In addition to allowing 3D modeling using a scan to BIM process, the point cloud is also an ideal medium for drawing 2D plans.
As explained in our article detailing how 3D scanners work, and how they are used in the building, a point cloud resulting from a 3D survey is a particularly reliable base to be used during the modeling phase.
The use of the point cloud as a modeling medium is very common and relevant in the context of 3D modeling (according to a Scan to BIM process), and it will be just as good to produce 2D plans efficiently.
To do this, it will be necessary to import the point cloud into a software such as Autocad or Revit to use it as a modeling layer. This workflow is commonly referred to as the “scan to plan”.
In this article, we invite you to discover how this method is particularly advantageous for actors wishing to update or produce 2D plans as part of their projects (renovation, studies, layouts, etc.).
Some notions about the point cloud
To get started, it's important to understand what a point cloud is.
A building's point cloud is its 3D digital representation, composed of millions of points defined by x, y, and z coordinates. It results from a 3D survey that may concern several areas of the building depending on the project (interior; exterior; roof; technical plenums; etc.).
This 3D survey is conducted using 3D scanners, and requires the calculation, cleaning and assembly of several clouds captured during the survey intervention to consolidate a global point cloud.
A 3D scanning intervention will take more or less long, depending on the size and specificities of the buildings, but also depending on the type of scanners deployed. As an example, at My Digital Buildings, we deploy scanners that allow buildings to be scanned particularly quickly, with a speed ranging from 3,000 to 12,000 m.2 scanned per day.
Following this 3D scanning intervention, the clouds generated will remain raw data, requiring to be cleaned, recalibrated and assembled to obtain a global point cloud that can be used during the modeling phase.
To find out more, we invite you to consult our complete article on this subject:” Generating and exploiting a building's point cloud ”, as well as our white paper” The complete scan to BIM guide ”.

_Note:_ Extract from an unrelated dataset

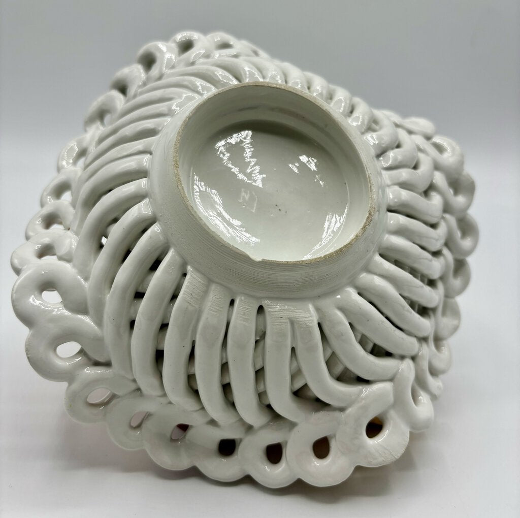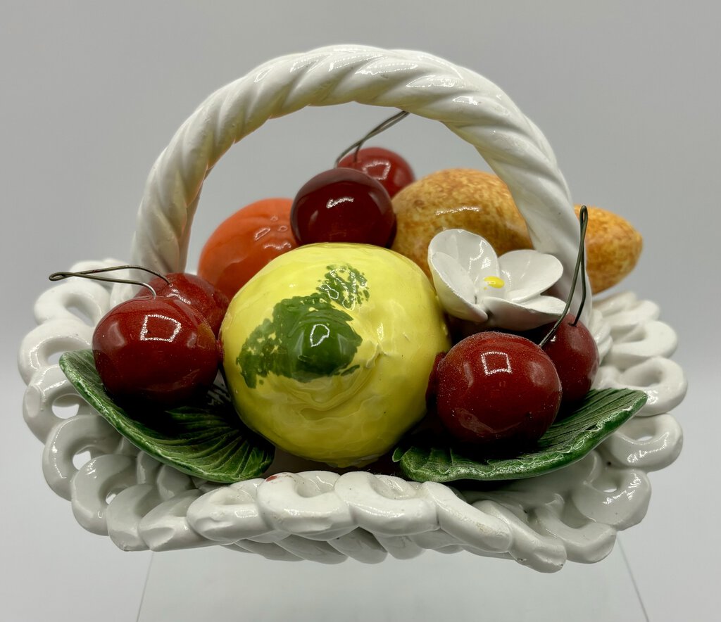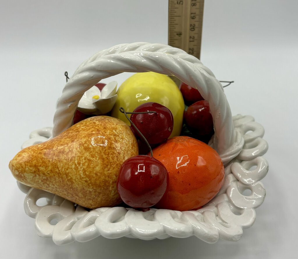 Lovely ceramic fruit basket. It has beautifully rendered cherries, a lemon, pear and orange. The basket is woven with open work at the edges. There are no chips or cracks on the fruit or top of the basket. There is one very small chip on the base. Please review photos for details. It is very reminiscent of ceramic baskets made in Italy, however, there are no marks on the bottom.
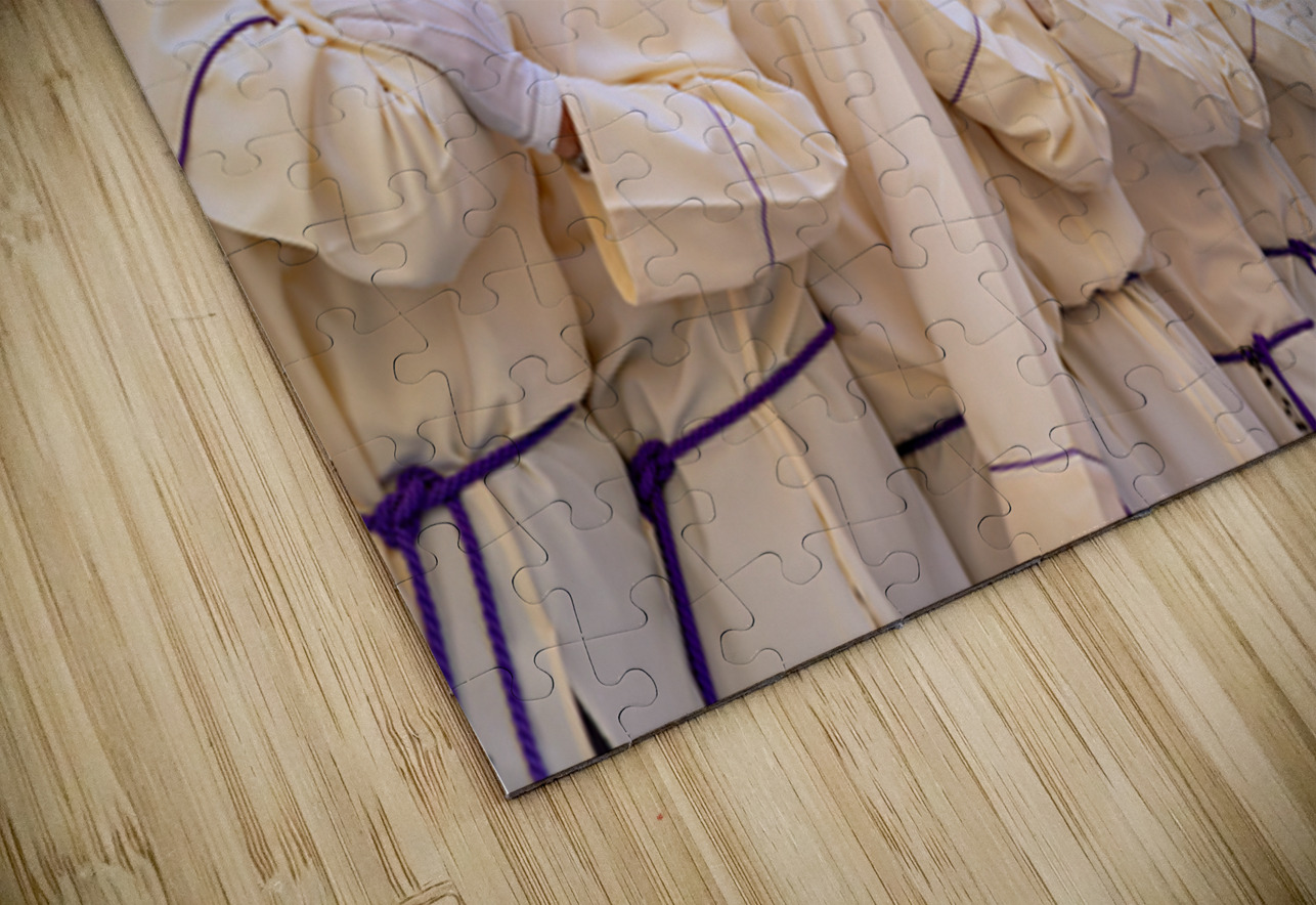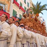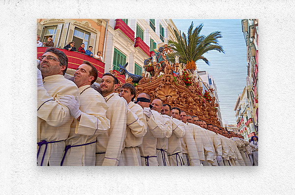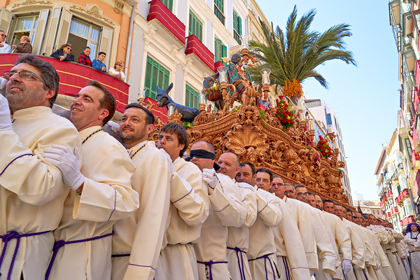 People participate in a procession in Malaga Spain during Easter Holy Week. Many carry a large float through the streets.

The use of the point cloud in the modeling phase
Plans drawn based on sections of the cloud
Once the global point cloud has been generated and controlled, it can be used directly in modeling software, for the production of all types of plans (level plans, facade plans, frame plans, etc.).
For this, horizontal and vertical sections of the cloud will be isolated, and will serve as a layer for the production of the 2D plans requested in software such as AutoCAD or Revit.

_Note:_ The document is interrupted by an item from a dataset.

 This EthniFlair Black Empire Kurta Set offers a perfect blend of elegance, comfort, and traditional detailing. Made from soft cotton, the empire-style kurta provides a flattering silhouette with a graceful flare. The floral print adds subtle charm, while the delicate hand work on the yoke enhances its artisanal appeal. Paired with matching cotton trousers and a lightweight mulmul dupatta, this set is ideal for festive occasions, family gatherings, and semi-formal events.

2D plans are then produced based on a precise imprint of reality.
Constant access to the building
While a lack of information on the building creates a risk of errors during the modeling phase, benefiting from a digital footprint of the building will allow for detailed knowledge of it.

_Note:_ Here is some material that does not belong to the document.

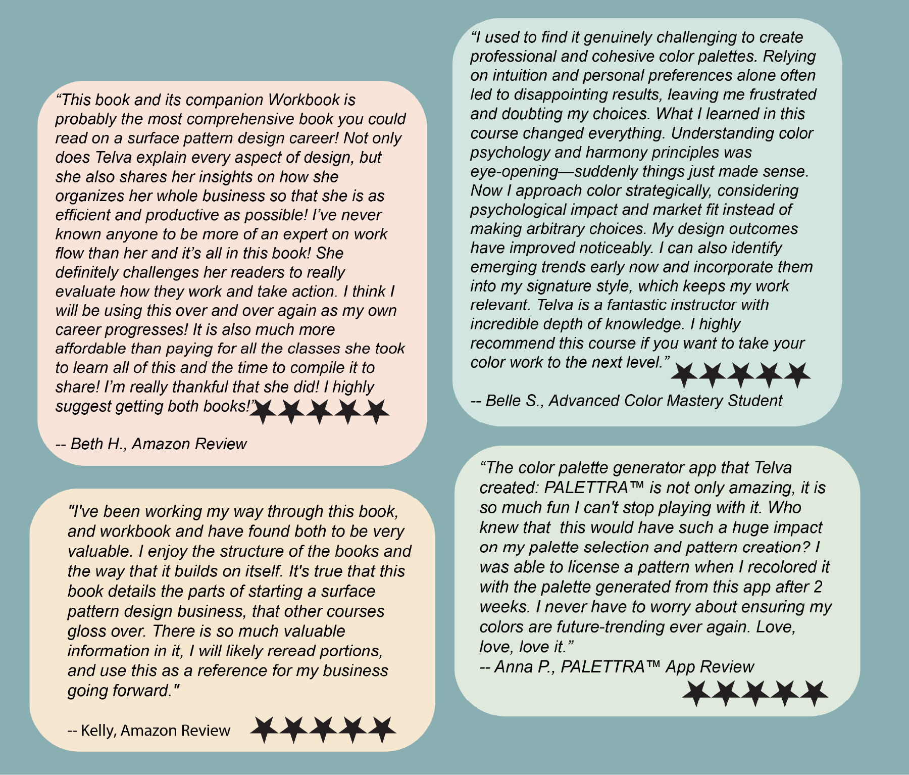 • Author: The Solopreneur's Guide to Surface Pattern Design (Volumes I & II)

Indeed, the point cloud is very suitable for the search for details, so high is its precision and its density of points.
The 2D modeling manager will be able to access this replica of the building at any time through the use of specialized software, or via extensions applicable to modeling software.
Thus, the modeler will be able to inspect the building in detail, but also benefit from the precision of the point cloud to conduct dimensional checks.
The point cloud: a quality control support
Throughout the modeling, and prior to the final delivery, geometric conformity checks of the plans will be carried out.
During these checks, the point cloud will again be used and compared to the plans to identify the geometric differences between the modeling and the real.
In particular, this method makes it possible to obtain significant modeling accuracy, of plus or minus 1 cm (to plus or minus 2 cm for complex elements) compared to the surveys carried out.
The advantages of “scan to plan”
Accuracy and precision
The point cloud is a particularly precise and representative replica of the geometry of the building. In particular, its use makes it possible to:
- Reduce modeling errors associated with inaccurate or false manual on-site measurements
- Measure details, such as irregular surfaces, curves, and complex architectural elements.
- Conduct quality checks throughout the modeling, and prior to delivery.
For example, the use of scanners such as the Leica RTC360 will make it possible to generate point clouds with a point density of one point every 3 mm to 10 m, making it possible to identify the finest elements of the environment.
Speed and efficiency
Conducting a survey with a 3D scanner is much faster than a manual survey with a rangefinder, and allows the capture of exhaustive data essential for the production of 2D plans.
As mentioned above, it is possible to survey surfaces of several thousand m2 in just one day, not only indoors, but also outdoors (facades; roofs; land; etc.). Thus, this makes it possible to produce complete plan files including all the structural and architectural elements necessary for the project.
For example, the use of mobile scanners (such as the NavVis VLX scanner above), making it possible to digitize an environment while in motion, gives a survey capacity of up to 15,000 or even 20,000 m2 in very open areas.
By reducing survey time, it is important to note that the disturbance will also be reduced for building occupants.
Profitability and productivity
Finally, some actors (architects; design offices; etc.) will be able to focus on their core business, while the 3D survey and drawing up will be carried out by specialized and well-equipped actors.
This gain in productivity is not negligible, especially since the deadlines for producing plans will be reduced!